1. **Data Input**: We prepared sample data with queries, answers, and expected values.
2. **Evaluation Execution**: We configured and ran multiple graders concurrently using GradingRunner.
3. **Result Organization**: Results were organized by sample, with each grader's output captured.

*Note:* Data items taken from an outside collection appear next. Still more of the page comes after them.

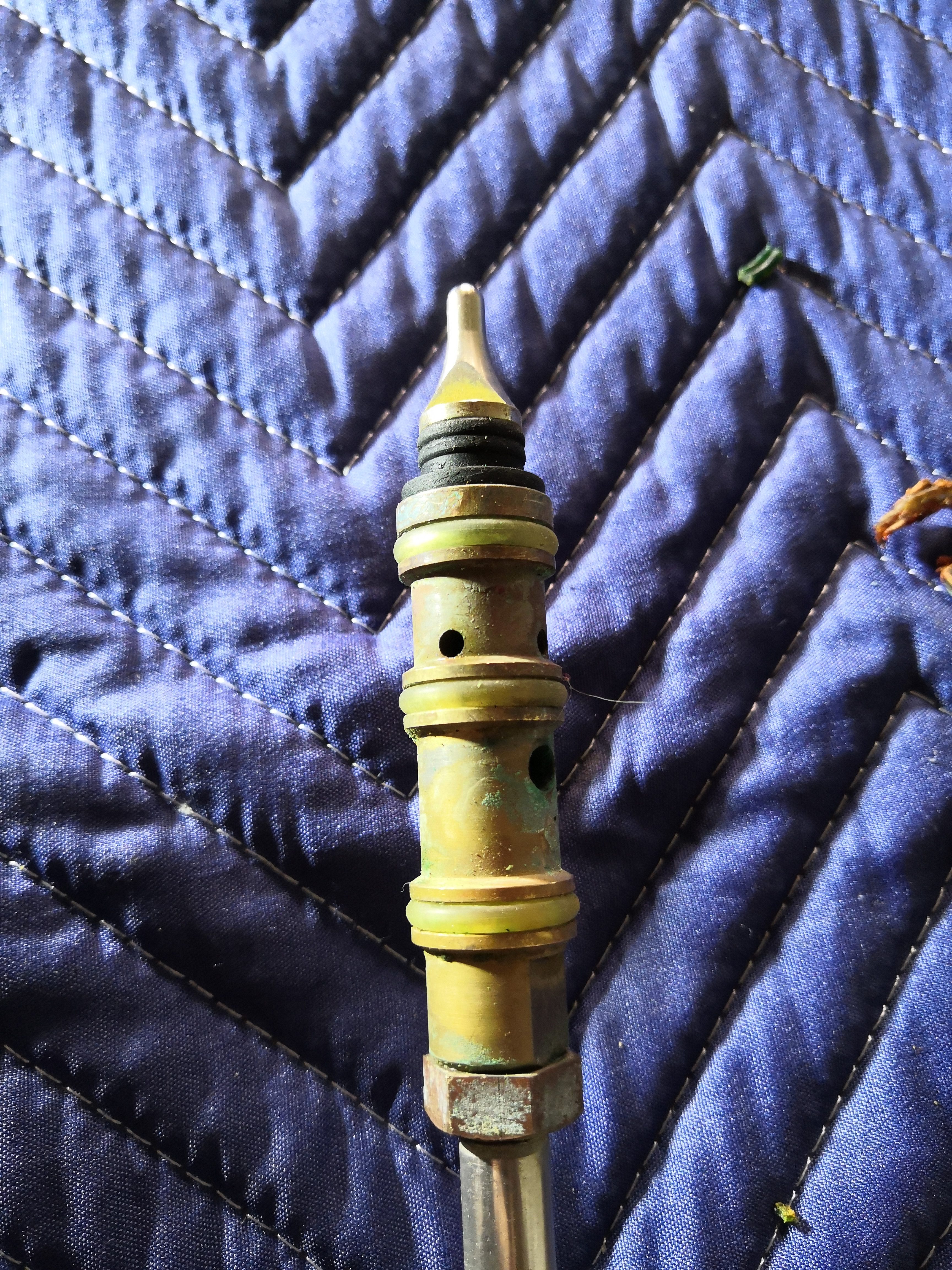 一度水道メーターで水を止水して、水抜き栓のシャフトを抜いたところ、パッキンがかなり劣化していたので、パッキンを交換して、通水させ水道メーターのパイロットもしっかり止まっているか、「シューシュー」と音がしていたのは止まったかなども確認し、お客様へ完了の報告しました。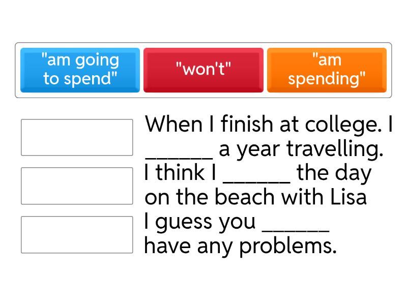 "am spending" - I think I ______ the day on the beach with Lisa, "am going to spend" - When I finish at college. I ______ a year travelling., "won't" - I guess you ______ have any problems.,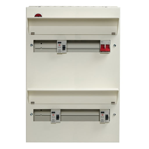 Wylex 26 Way Duplex High Integrity + 100A Main Switch, 2x80A 30mA Type A RCD Features Full metal duplex enclosure Fixed busbar assembly 26W Hig...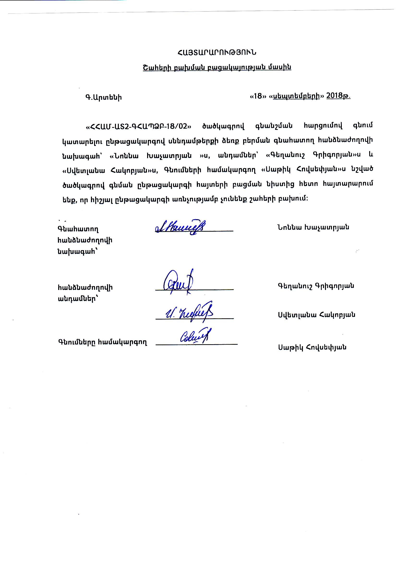 (Հրապարակված է 2018-09-19 14:04:00-ից անժամկետ)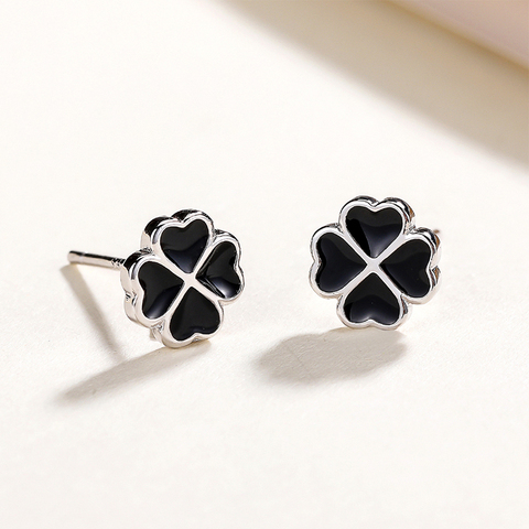 Custom Supplier's 925 Sterling Silver Stud Earrings for Women Black Drop Glue Process Platinum Plating Weddings Parties Gifts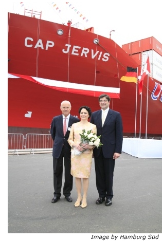 As part of a customer event, Hamburg Süd christened the "Cap Jervis" in Callao (Peru) on Monday, 8 November 2010. She is the first container vessel ever to have been christened in Callao and has a slot capacity of 4,600 TEU. Sponsor of the "Cap Jervis" was Adelgunde Christmann, wife of Dr Albert Christmann, Chairman of the Executive Board of Radeberger Gruppe KG.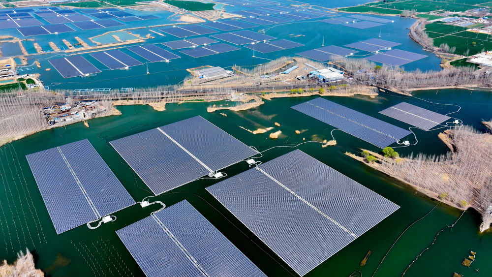 這是山東省濟寧市微山縣驩城鎮利用采煤塌陷區約3600畝水面建設的漁光互補項目(2024年3月20日攝,無人機照片)。該項目集光伏發電、漁業養殖、生態修復于一體。新華社記者 郭緒雷 攝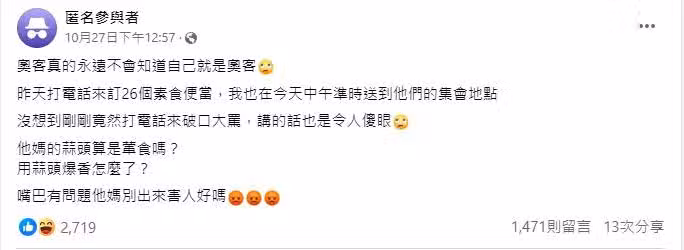 據《民視新聞》報導,原PO在近日在「匿名公社」上發文抱怨,透露昨天接到電話,對方說要訂26個素食便當,於是自己也在今天中午準時送到了客人的集會地點。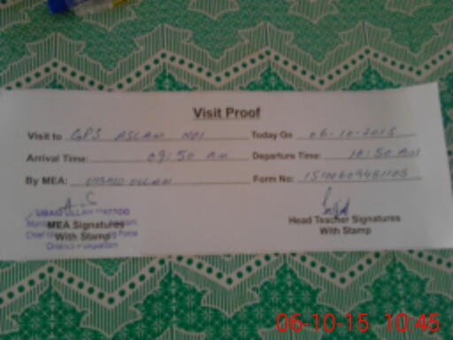 | Attendance Register | Head Teacher | MEA with School | Visit Proof |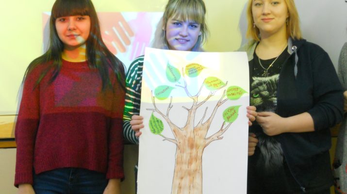 На классном часе студенты занимались самосовершенствованием через решение проблемных ситуаций и  выполнение творческих заданий.  Ребятам было предложено коллективно сделать «дерево Толерантности». Общее дело способствовало преодолению психологических барьеров  вовремя общения, и самое главное, научиться,  уважительно относиться к себе и окружающим.

4. **Analysis**: We used analyzers to compute overall metrics and weighted averages.
5. **Custom LLMGrader**: We showed how to implement a fully custom LLM-based grader.

This modular approach allows for flexible evaluation pipelines where different graders can be combined and analyzed in various ways. The combination of rule-based graders (like AccuracyGrader) and LLM-based graders (like our custom HelpfulnessGrader) provides both precision and nuanced evaluation capabilities.